::: GIVEN ENTRIES :::
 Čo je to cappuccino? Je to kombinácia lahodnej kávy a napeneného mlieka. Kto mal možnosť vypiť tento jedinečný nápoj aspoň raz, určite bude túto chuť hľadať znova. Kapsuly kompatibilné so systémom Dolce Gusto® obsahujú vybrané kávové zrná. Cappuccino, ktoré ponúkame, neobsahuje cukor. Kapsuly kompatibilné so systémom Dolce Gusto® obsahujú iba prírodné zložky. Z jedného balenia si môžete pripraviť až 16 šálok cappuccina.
:::
::: GIVEN ENTRIES :::
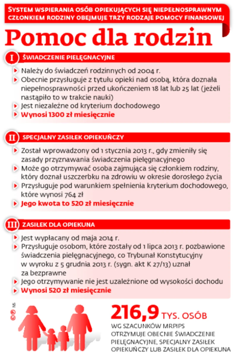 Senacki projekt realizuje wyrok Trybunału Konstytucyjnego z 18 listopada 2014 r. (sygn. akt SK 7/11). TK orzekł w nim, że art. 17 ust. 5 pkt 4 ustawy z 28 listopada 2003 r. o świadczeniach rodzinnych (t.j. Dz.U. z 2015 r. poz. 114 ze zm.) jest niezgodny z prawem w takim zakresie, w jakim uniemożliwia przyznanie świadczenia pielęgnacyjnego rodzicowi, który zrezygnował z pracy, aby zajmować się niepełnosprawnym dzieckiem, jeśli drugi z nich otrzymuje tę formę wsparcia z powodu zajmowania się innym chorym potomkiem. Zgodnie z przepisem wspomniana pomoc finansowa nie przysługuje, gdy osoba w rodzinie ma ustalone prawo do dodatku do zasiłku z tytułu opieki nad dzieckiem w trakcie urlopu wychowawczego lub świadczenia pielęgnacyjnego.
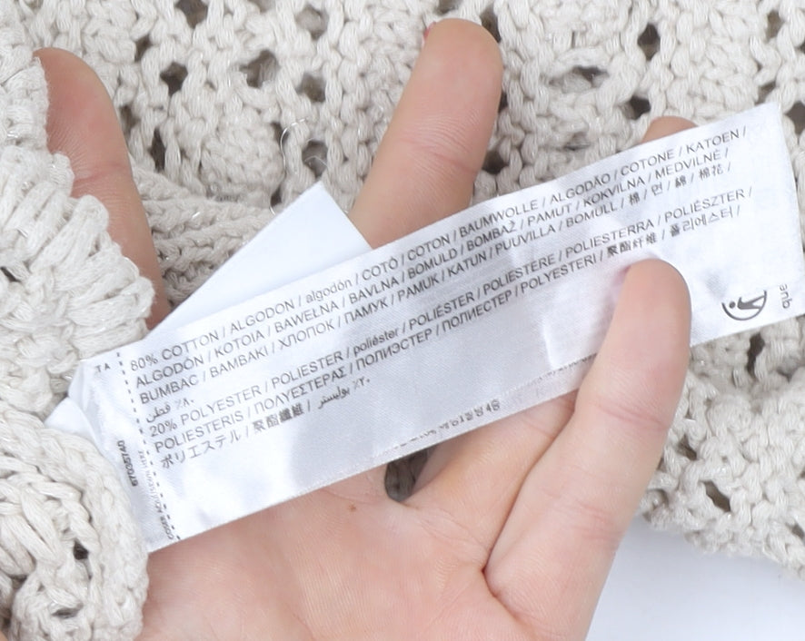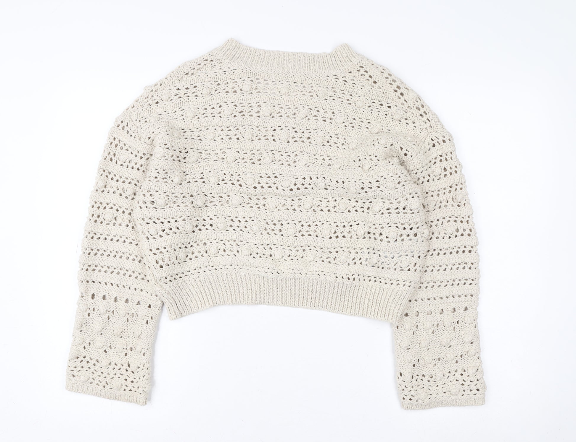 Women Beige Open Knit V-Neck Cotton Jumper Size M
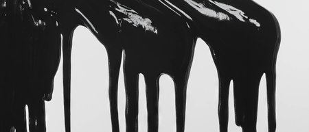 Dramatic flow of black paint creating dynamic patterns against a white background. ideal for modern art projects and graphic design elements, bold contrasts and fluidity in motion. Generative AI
:::
◆ WORK TO COMPLETE: Pictures aside, return exactly the lines from the data above, starting at the line that has "Women Beige Open" and ending at the line that has "Dramatic flow of", both included.

◆ THE COMPLETED TASK:
 Women Beige Open Knit V-Neck Cotton Jumper Size M
 Dramatic flow of black paint creating dynamic patterns against a white background. ideal for modern art projects and graphic design elements, bold contrasts and fluidity in motion. Generative AI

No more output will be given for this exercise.